Geometric Utilities¶

use numeris::DynMatrix;
use numeris::imageproc::{
    flip_horizontal, flip_vertical, rotate_90, rotate_180, rotate_270,
    pad, crop, resize_nearest, BorderMode,
};

let img = DynMatrix::<f64>::zeros(4, 6);

let fh = flip_horizontal(&img);
let fv = flip_vertical(&img);
let r  = rotate_90(&img);    // 4×6 → 6×4
let r2 = rotate_180(&img);
let r3 = rotate_270(&img);

// Pad by 2 pixels on all sides using the border mode.
let padded = pad(&img, 2, 2, 2, 2, BorderMode::Replicate);

// Crop a subregion [top, left, height, width].
let cropped = crop(&img, 1, 1, 2, 3);

// Nearest-neighbour resize — use for masks / label maps where bilinear
// would corrupt discrete values.
let mask_up = resize_nearest(&img, 8, 12);

Bilinear Resize¶

Each output pixel maps to a source coordinate \((x, y)\) and blends the four surrounding samples with the fractional offsets \(t_x, t_y \in [0, 1)\):

\[ f(x, y) \approx (1-t_y)\big[(1-t_x) f_{00} + t_x f_{01}\big] + t_y\big[(1-t_x) f_{10} + t_x f_{11}\big]. \]
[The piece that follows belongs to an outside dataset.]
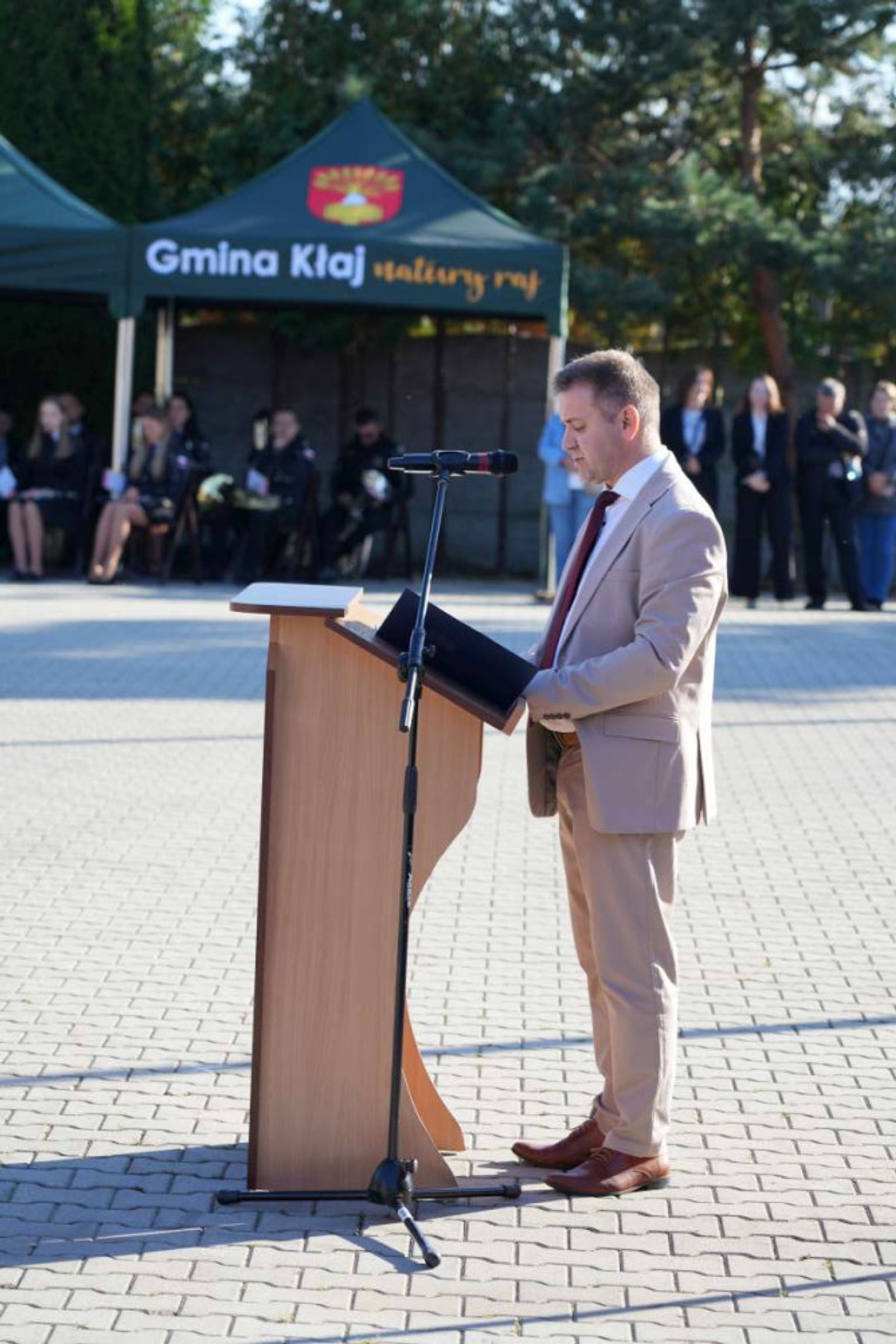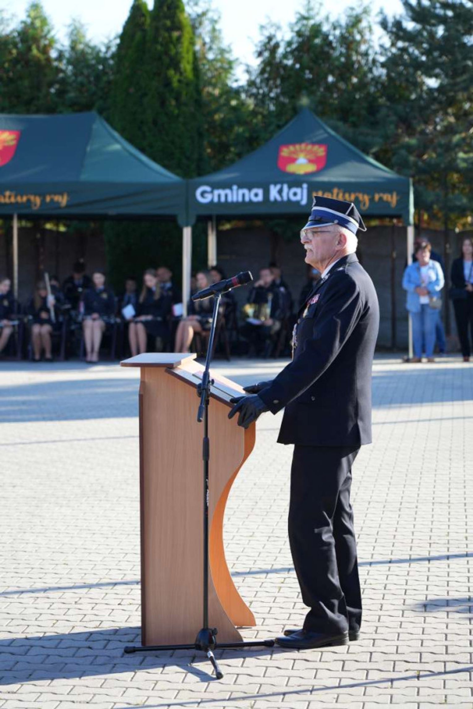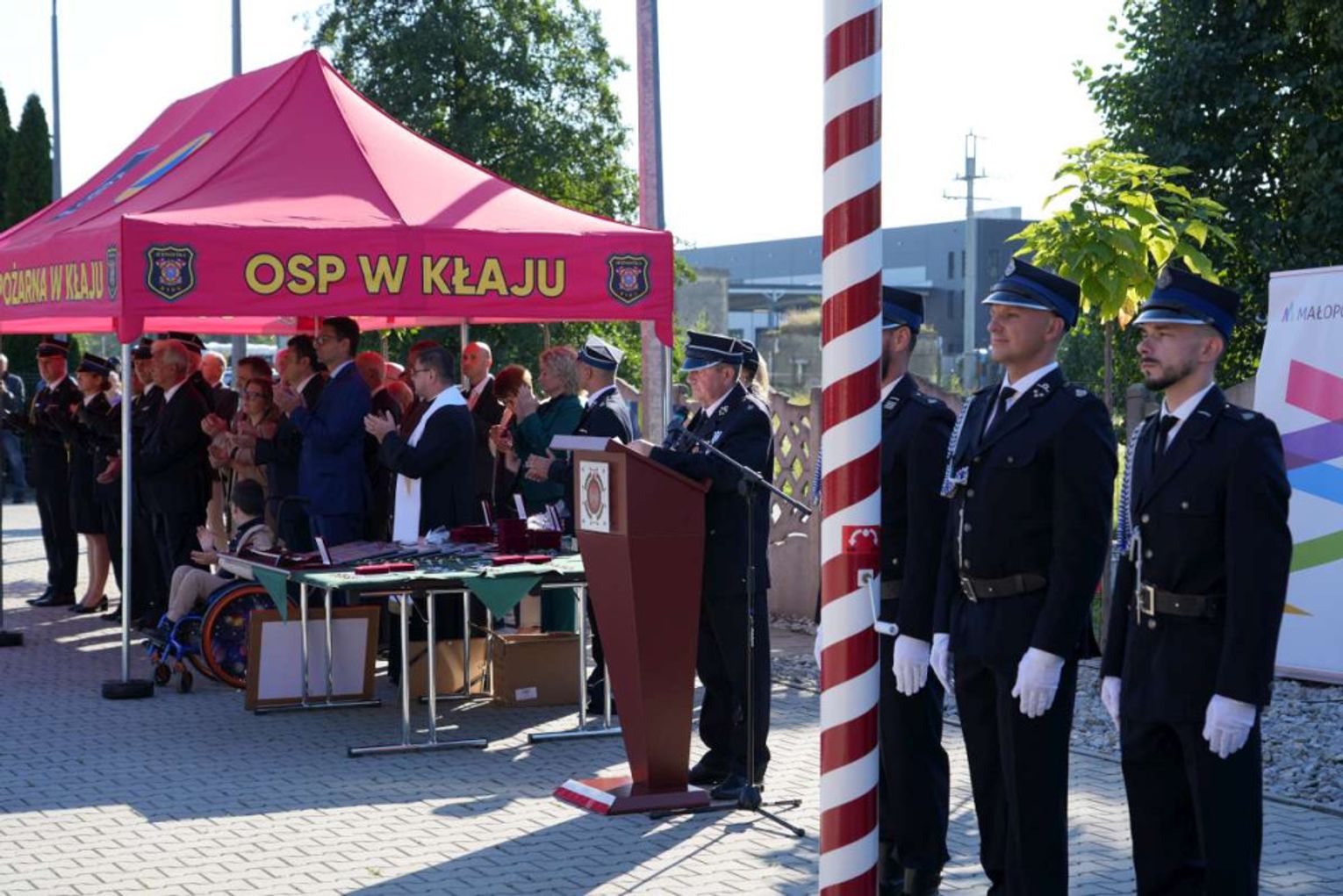 Podczas uroczystości głos zabrali m.in.: mł. bryg. Robert Ulman – Komendant Powiatowy PSP w Wieliczce, Roman Wcisło - dyrektor Departamentu Programów Unijnych dla Obszarów Wiejskich i KPO, Roman Ptak - Starosta Wielicki oraz Zbigniew Strączek - Wójt Gminy Kłaj. W swoich wystąpieniach podkreślali znaczenie strażaków ochotników dla bezpieczeństwa mieszkańców oraz dziękowali im za poświęcenie i wieloletnią służbę. Strażacy otrzymali od zaproszonych gości jubileuszowe prezenty.

Pixel-center coordinate convention, matching OpenCV's default INTER_LINEAR:

use numeris::DynMatrix;
use numeris::imageproc::resize_bilinear;

let img = DynMatrix::from_rows(2, 2, &[0.0_f64, 1.0, 2.0, 3.0]);
let up = resize_bilinear(&img, 8, 8);
assert_eq!(up.nrows(), 8);

Per-axis interpolation indices and fractional weights are precomputed; the inner loop runs per output column with direct col_as_slice access to contiguous source columns, so the compiler reliably auto-vectorizes it.

Choosing an Algorithm¶

Task	Radius	Best option
Smoothing (low-noise)	any	`gaussian_blur`
Mean filter	any	`box_blur` (separable) or `local_mean` (integral, O(1)/px)
Salt-and-pepper denoise, float	≤ 2	`median_filter` (stack-array fast path)
Salt-and-pepper denoise, float	≥ 3	`median_filter` (quickselect)
Salt-and-pepper denoise, ≤16-bit int	any	`median_filter_u16` (Huang)
Smooth background map	any	`median_pool_upsampled`
Grayscale morphology	any	`dilate` / `erode` (Van Herk)
Arbitrary percentile	any	`percentile_filter`
Local variance / std	any	`local_variance` / `local_stddev`
Binary thresholding	—	`threshold` / `threshold_otsu` / `adaptive_threshold`
Edge detection	—	`sobel_gradients` + `gradient_magnitude`, or `canny` for thinned binary edges
Corner detection	—	`harris_corners` / `shi_tomasi_corners`
Connected components	—	`connected_components` (sparse) / `connected_components_labeled` (column-major labels image) / `connected_components_with_label_buffer` (row-major labels buffer)
Blob detection	—	`difference_of_gaussians` / `laplacian_of_gaussian`
Bright-spot isolation	—	`top_hat`
Multi-scale search	—	`gaussian_pyramid`
Rectangle sums	—	`integral_image` + `integral_rect_sum`
Bilinear resize	—	`resize_bilinear`
Nearest-neighbour resize (masks)	—	`resize_nearest`
Flip / rotate 90° / pad / crop	—	`flip_` / `rotate_` / `pad` / `crop`

Background Subtraction¶

A pipeline for isolating bright point sources on a spatially-varying background by subtracting a coarse median-pooled estimate:

Background subtraction with median_pool_upsampled

use numeris::DynMatrix;
use numeris::imageproc::median_pool_upsampled;

fn background_subtract(frame: &DynMatrix<f32>) -> DynMatrix<f32> {
    // Block-median rejects bright sources; bilinear upsample smooths the map.
    let bg = median_pool_upsampled(frame, 16);
    // Subtract into a new buffer.
    DynMatrix::from_fn(frame.nrows(), frame.ncols(), |i, j| {
        frame[(i, j)] - bg[(i, j)]
    })
}

For a 1024×1024 frame with 16×16 blocks: ~4 096 block medians of 256 elements each (≈1 M quickselect ops) + O(H·W) bilinear upsample. Much faster than a true sliding median at the same effective radius.

Sliding vs block median

median_pool_upsampled approximates a sliding median — outputs are blurred by the bilinear upsample and edges are not strictly preserved. If your pipeline needs the exact salt-and-pepper rejection semantics (e.g. isolated dead pixels near a point source), use median_filter_u16 with a small radius and quantize first; if you only need a smooth background subtraction, the pool is far faster.